The word telemetry became common when it became more than optional crash reports and update checks.

The last example sounds detailed enough. And some privacy considerations are moot when the app is a client for your server.

Windows.
You mean that calc.exe opening in 3 seconds is better than instantly. Or dissapearing ribbon and title bar on windows in a multimonitor setup is better than before. Or the new designed shutdown menu.Or the white fonts on light background. Or dissapearing scrollbars because someone thought that this is a good idea.
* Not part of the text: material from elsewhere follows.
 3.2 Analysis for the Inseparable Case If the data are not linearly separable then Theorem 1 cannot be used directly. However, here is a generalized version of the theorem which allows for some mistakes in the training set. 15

Or the new save dialog when you need 3 clicks just to be able to select the folder where you want to save.
Windows went downhill fast since introduction of telemetry.
Windows 10 is better than any previous version of Windows. So how did it go downhill?
User experience. Windows 10 was an upgrade over 8, which was a huge downgrade over 7. Not only did telemetry not help Microsoft improve the UX of their OS after Windows 7, in Windows 10 it's been getting worse with each update, and Windows 11 is slated to be a disaster.
Windows has been getting worse for the last 3 or so generations of Windows.
Windows 10 is better than any previous version. I mean my Windows laptop is far more stable than any distro I run on my desktop and work laptop.
How? I mean, in what way, and in response to which metrics?
Office.
I completely agree. However, Microsoft has demonstrated user-hostile tactics in the telemetry field so people don't feel inclined to trust them.
It helps that when you have a front row seat at a butcher's house, you become somewhat averse to eating meat as part of your regular diet. From that perspective, it is really not that surprising.
I like this analogy, let's run with it even further! Can the aversion be caused by watching butchers that kill animals in an inhumane way, in a dirty shed?

(i.e. if you observe telemetry data being abused at the company you work for and that is tolerated, you'll be wary of any telemetry?)
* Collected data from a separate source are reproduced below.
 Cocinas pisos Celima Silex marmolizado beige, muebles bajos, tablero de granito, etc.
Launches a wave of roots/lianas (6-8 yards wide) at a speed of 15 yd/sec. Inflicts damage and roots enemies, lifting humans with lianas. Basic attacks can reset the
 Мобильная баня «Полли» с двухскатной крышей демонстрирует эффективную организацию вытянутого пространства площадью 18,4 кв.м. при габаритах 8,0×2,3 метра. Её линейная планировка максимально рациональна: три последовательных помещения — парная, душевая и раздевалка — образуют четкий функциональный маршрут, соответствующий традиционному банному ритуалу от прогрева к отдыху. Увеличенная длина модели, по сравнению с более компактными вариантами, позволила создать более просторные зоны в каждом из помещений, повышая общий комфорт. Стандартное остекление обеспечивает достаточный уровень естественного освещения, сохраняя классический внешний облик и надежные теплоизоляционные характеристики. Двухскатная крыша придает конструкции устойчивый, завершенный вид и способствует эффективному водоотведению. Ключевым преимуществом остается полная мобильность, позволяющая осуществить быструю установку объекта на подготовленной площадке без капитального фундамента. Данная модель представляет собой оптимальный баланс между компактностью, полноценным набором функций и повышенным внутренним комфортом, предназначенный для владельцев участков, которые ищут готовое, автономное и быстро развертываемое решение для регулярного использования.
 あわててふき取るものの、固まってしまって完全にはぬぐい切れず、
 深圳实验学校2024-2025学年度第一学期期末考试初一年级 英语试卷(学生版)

It’s the difference between always sending something and a pop up asking if you want to send a bug report.
How about performance issues and silent errors? Finding areas that need to me optimized because a lot of users have subtle issues kinda needs passive data collection.
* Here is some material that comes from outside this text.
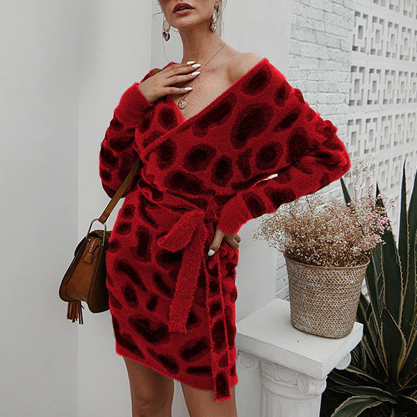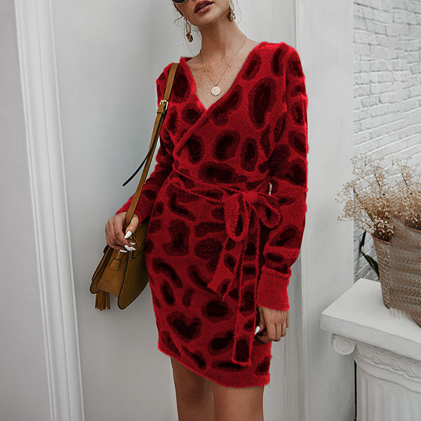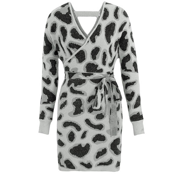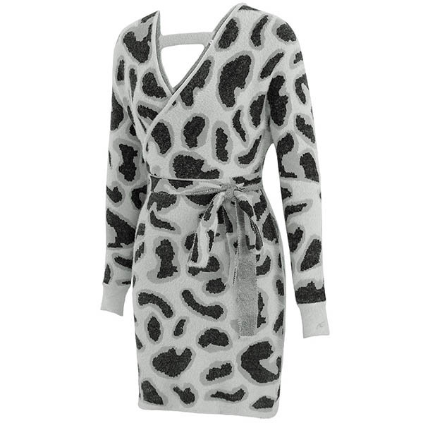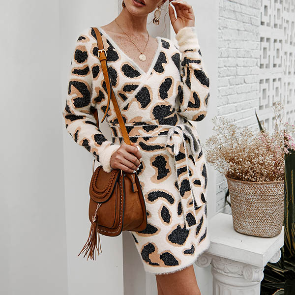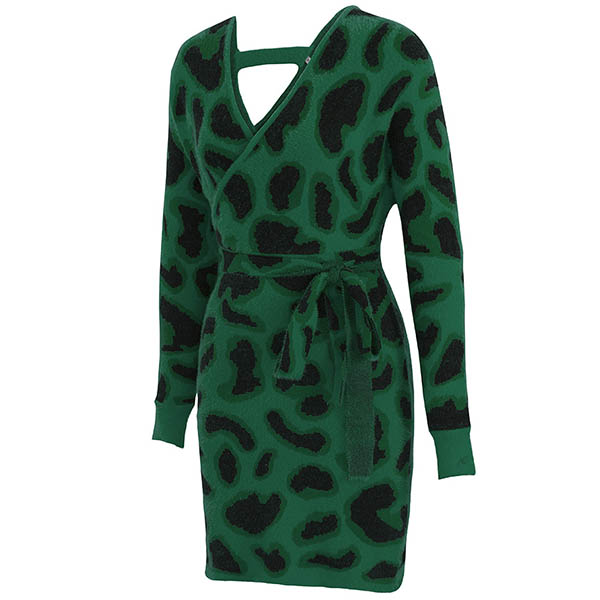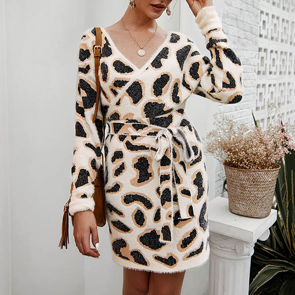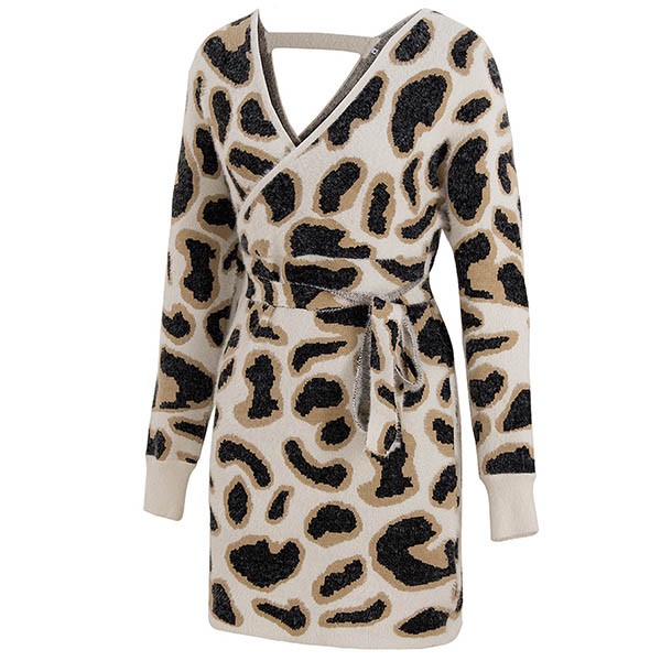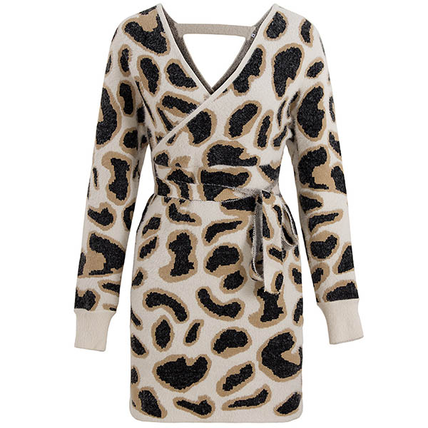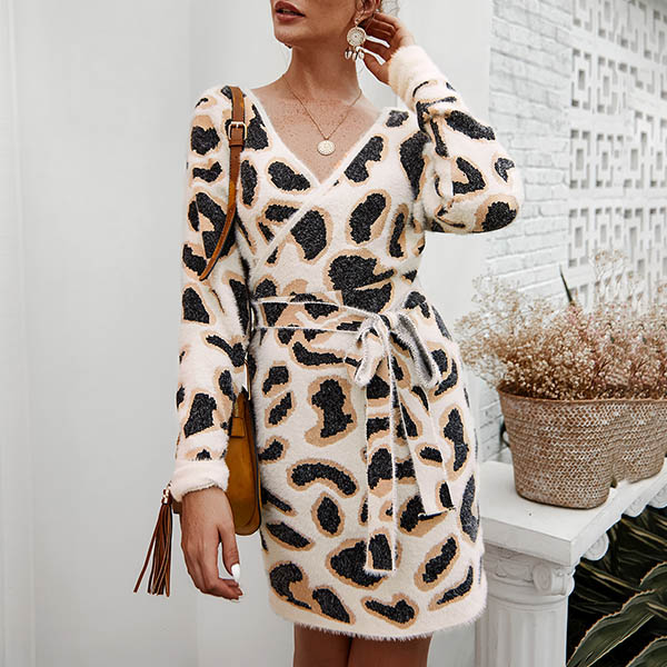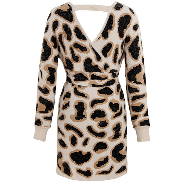 Sexy V-neck Long Sleeve Slim Fit Leopard Prinfed Knit Dress

As long as it is anonymous, it's a good thing, IMO.

Yup. A previous company I worked at used assert calls in the code. In a debug build of the firmware, if an assert failed, it would crash the device and on the display it would show the file and line number of the assert call. In production firmware, it would silently ignore it, and if you had opted in to sending usage data, it would phone home and report the failed assert, though I don't know what extra data was included.
The key still being "if you had opted in".
> As long as it is anonymous, it's a good thing, IMO.

As long as users give informed consent, then it's acceptable.

> It is strange that this community of all communities has such a resistance to this idea.

I don't think many people here have any resistance to this. It's simply true. I think a lot of people, though, think that benefit isn't sufficient to overcome the drawbacks.

Because the visual difference between abusive telemetry and benign or useful telemetry is 0. Same with disclosures.

And we are a very abused culture sitting in the middle of what I hope is peak surveillance capitalism.

Beat someone with a stick enough, and when you go to scratch your back and they flinch, it's not sensible to deride them for being irrational.